• TOCTOU Twins

    Effective security boundaries require conclusive checks (data is or is not valid) with well-defined outcomes (access is or is not granted). Yet the passage between boundaries is fraught with danger. As the twin-faced Roman god Janus watched over doors and gates – areas of transition – so does the twin-faced demon of insecurity, TOCTOU, infiltrate web apps.

    This demon’s two faces watch the state of data and resources within an app. They are named:

    • Time of check (TOC) – When the data is inspected, such as whether an email address is well formed or text contains a <script> tag. Data received from the browser is considered “tainted” because a malicious user may have manipulated it. If the data passes a validation function, then the taint may be removed and the data permitted entry deeper into the app.
    • Time of use (TOU) – When the app performs an operation with the data. For example, inserting it into a SQL statement or web page. Weaknesses occur when the app assumes the data has not changed since it was last checked. Vulns occur when the change relates to a security control.

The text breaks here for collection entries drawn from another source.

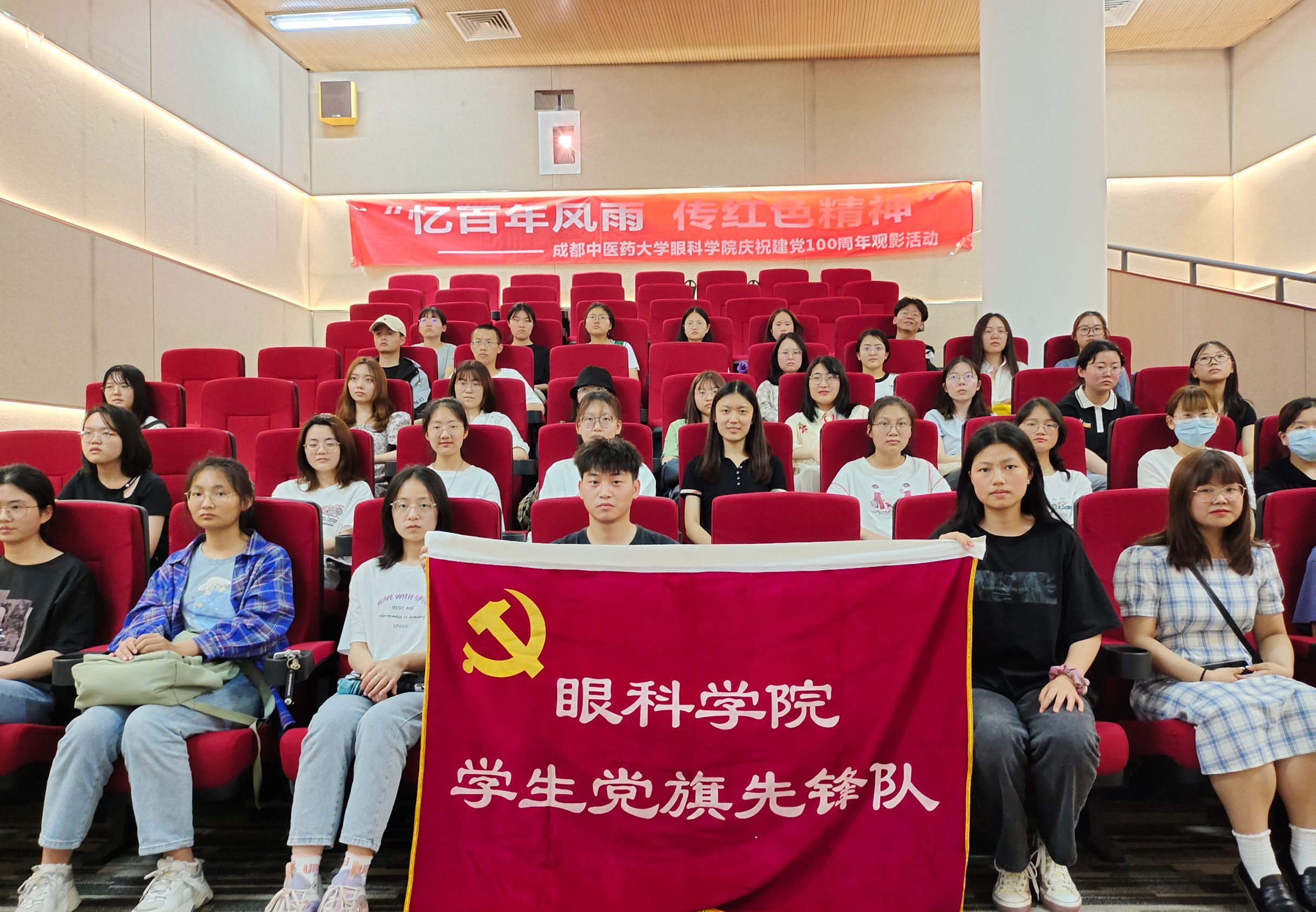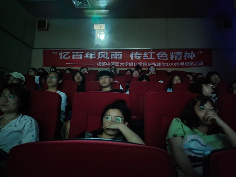 成都中医药大学眼科学院系列活动之"忆百年风雨,传红色精神"——大学生第二次观影活动于2021年5月13日晚在图书馆多媒体视听室"红色影院"开展进行。参加本次活动 的人员有学院分团委书记左晶老师,眼视光学2020级和18级的部分同学。
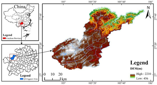The study area is located in Qixingguan District, Bijie City, Guizhou Province (104°52′–105°56′ E, 27°03′–27°46′ N), a central city at the junction of Sichuan, Yunnan and Qian in the northern part of the Yunnan–Guizhou Plateau, covering an area of about 3412 km2 (Figure 1). The limestone karst landform types, such as peaks, water caves, and dissolved depressions are widely distributed in the area. The terrain is high in the west and low in the east, with a step-like descent from southwest to northeast and an altitude difference of 1754 m. It belongs to the subtropical humid monsoon climate type, with no severe cold in winter and summer heat, the average annual temperature is about 13.6 °C, the average annual relative humidity is about 80.8%, the average annual precipitation is about 1126.9 mm, and the average annual sunshine hours are 1178 h. Soil types are dominated by limestone, loam, and yellow-brown loam [23]. The unique topographic features and hydrological processes cause weak structural stability of the ecosystem, forming a typical ecologically fragile karst area susceptible to disturbance and with poor resilience.
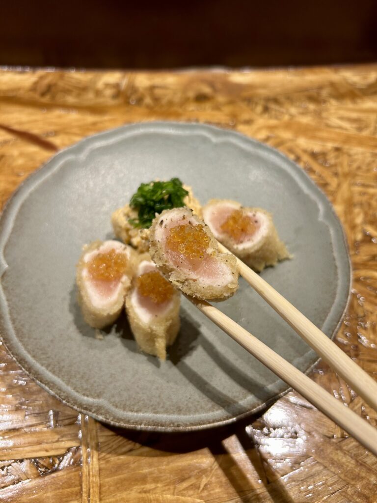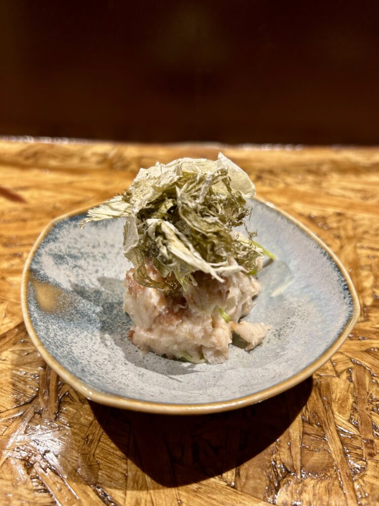 一品は笹身のレアカツ(自家製タルタル)、京鴨のロースト(カシスワインソース)、せせりとあおさのスパイス春巻き、名古屋コーチンのたたきの中から一種類選択。
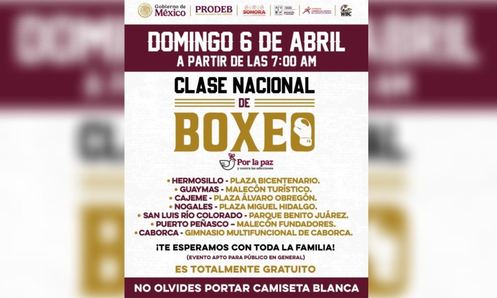 Sonora participará en la Clase Nacional de Boxeo, un evento masivo que se celebrará este domingo 6 de abril en diversas plazas públicas del país, como...
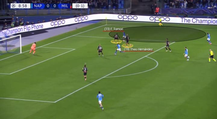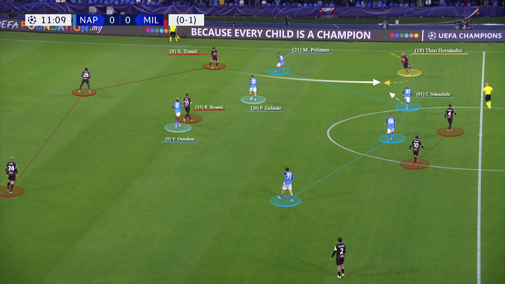 米兰充分利用了托纳利在左路的机动性,在他和奥斯梅恩或者泽林斯基之间制造了距离。这导致那不勒斯第二条防线的一名球员上前向托纳利施压,然后让米兰很好地利用了身后的空间。
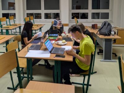 26. 11. ve večerních hodinách v pěti různých učebnách soutěžilo pět týmů v mezinárodní soutěži Fyziklání Online. Všechny naše týmy se umístily velmi dobře. Tým maturantů „Nefyzikáři“ (Korbelová, Krásný, Tosiová, Reissmüllerová) získal 92 bodů a byl tak ve své kategorii na 170. místě (11. z českých týmů). V kategorii C jsme jsme měli celkem 4 týmy. Nejlépe z nich dopadl tým „Zbylo …
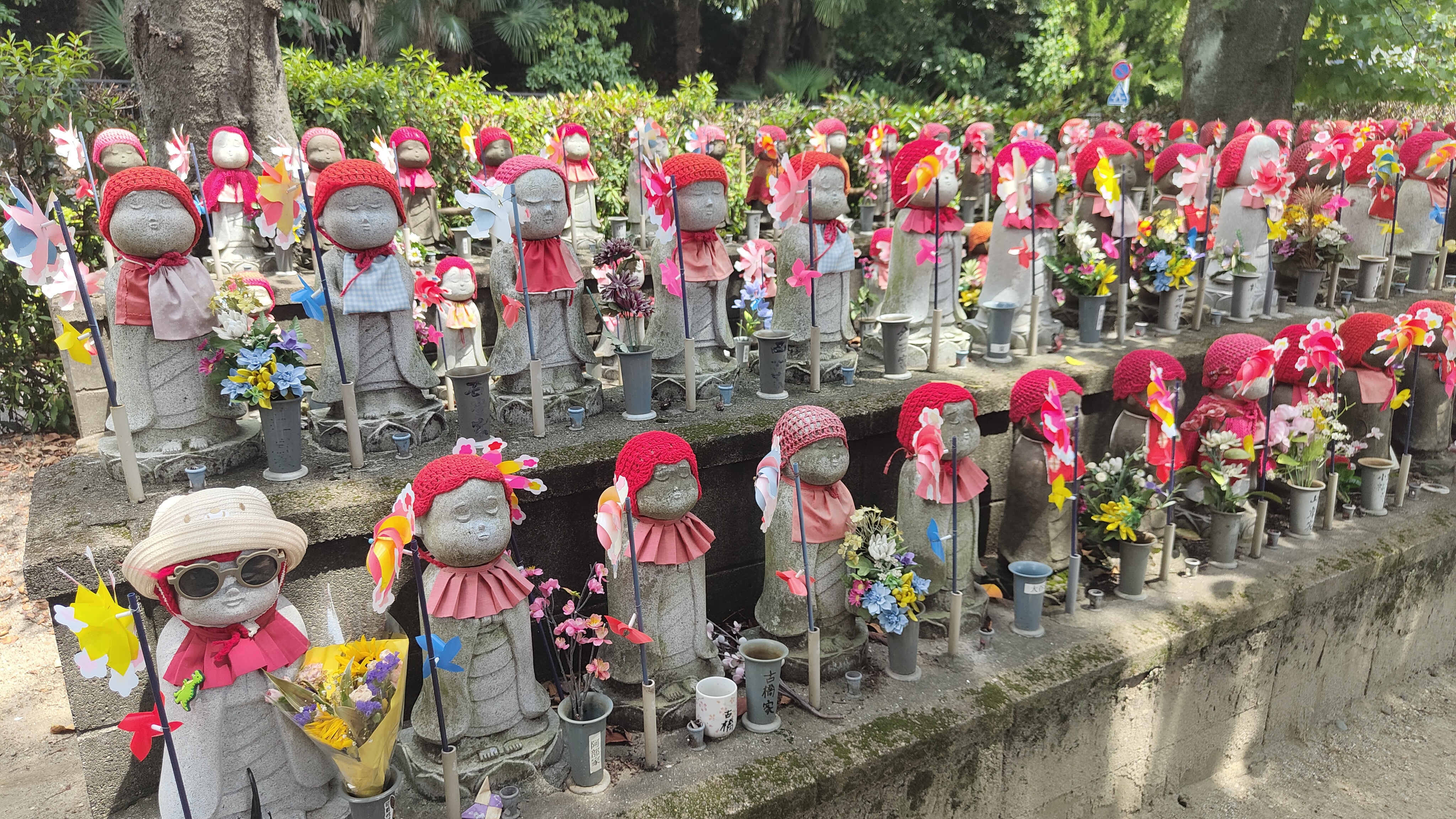 En venant de la tour, nous ne passons pas par l’imposante porte et nous arrivons directement au niveau des dizaines (centaines ?) de statues Jizo dédiées aux enfants. Elles sont toutes habillées avec de petits bonnets et des écharpes et la plupart ont des moulins à vent voire même des lunettes de soleil. L’ensemble est très sympathique.
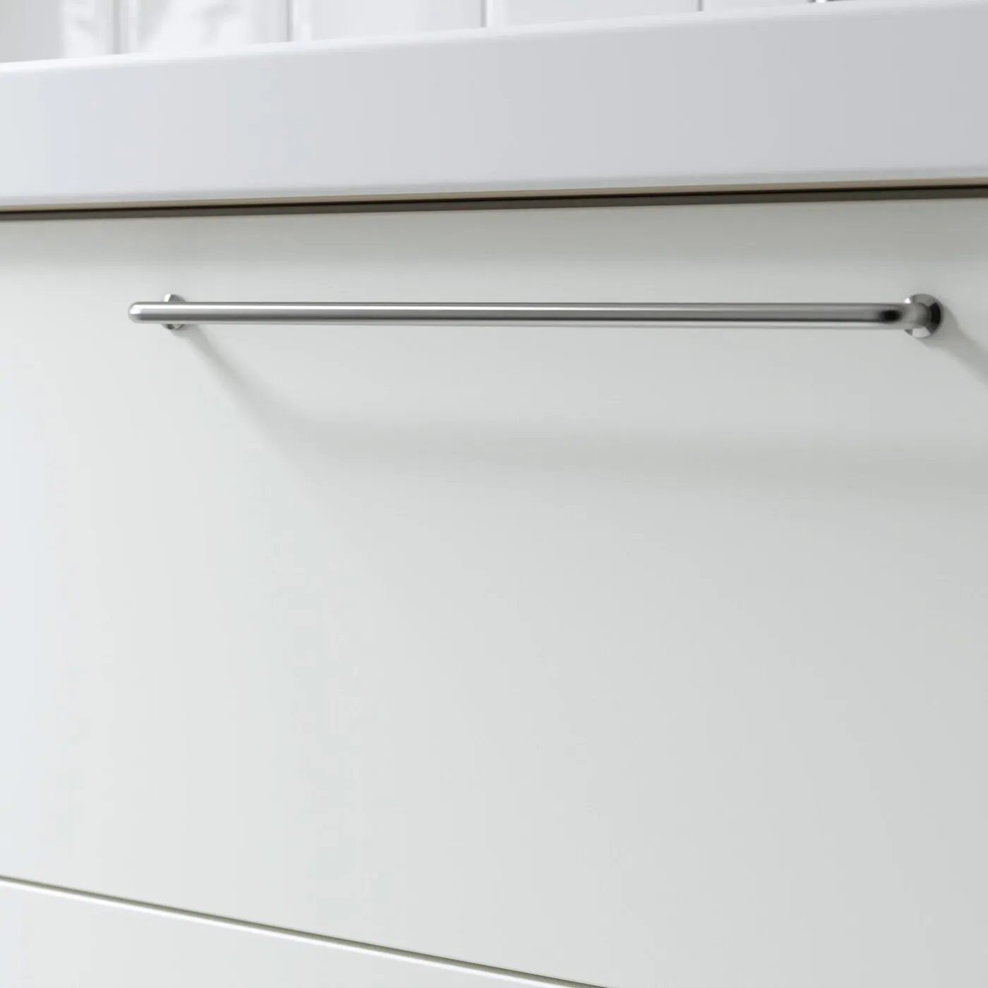 Что может не понравиться? Чистые прямые линии и матовое белое покрытие придают вашей ванной комнате свежий и привлекательный характер, который легко персонализировать, выбрав подходящие ручки или кнопки.

    Boundaries protect web apps from vulns like unauthorized access and arbitrary code execution. They may be enforced by programming patterns like parameterized SQL statements that ensure data can’t corrupt a query’s grammar, or access controls that ensure a user has permission to view data.

    We see security boundaries when encountering invalid certs. The browser blocks the request with a dire warning of “bad things” might be happening, then asks the user if they want to continue anyway. (As browser boundaries go, that one’s probably the most visible and least effective.)

    Ideally, security checks are robust enough to prevent malicious data from entering the app. But there are subtle problems to avoid in the time between when a resource is checked (TOC) and when the app uses that resource (TOU), specifically duration and transformation.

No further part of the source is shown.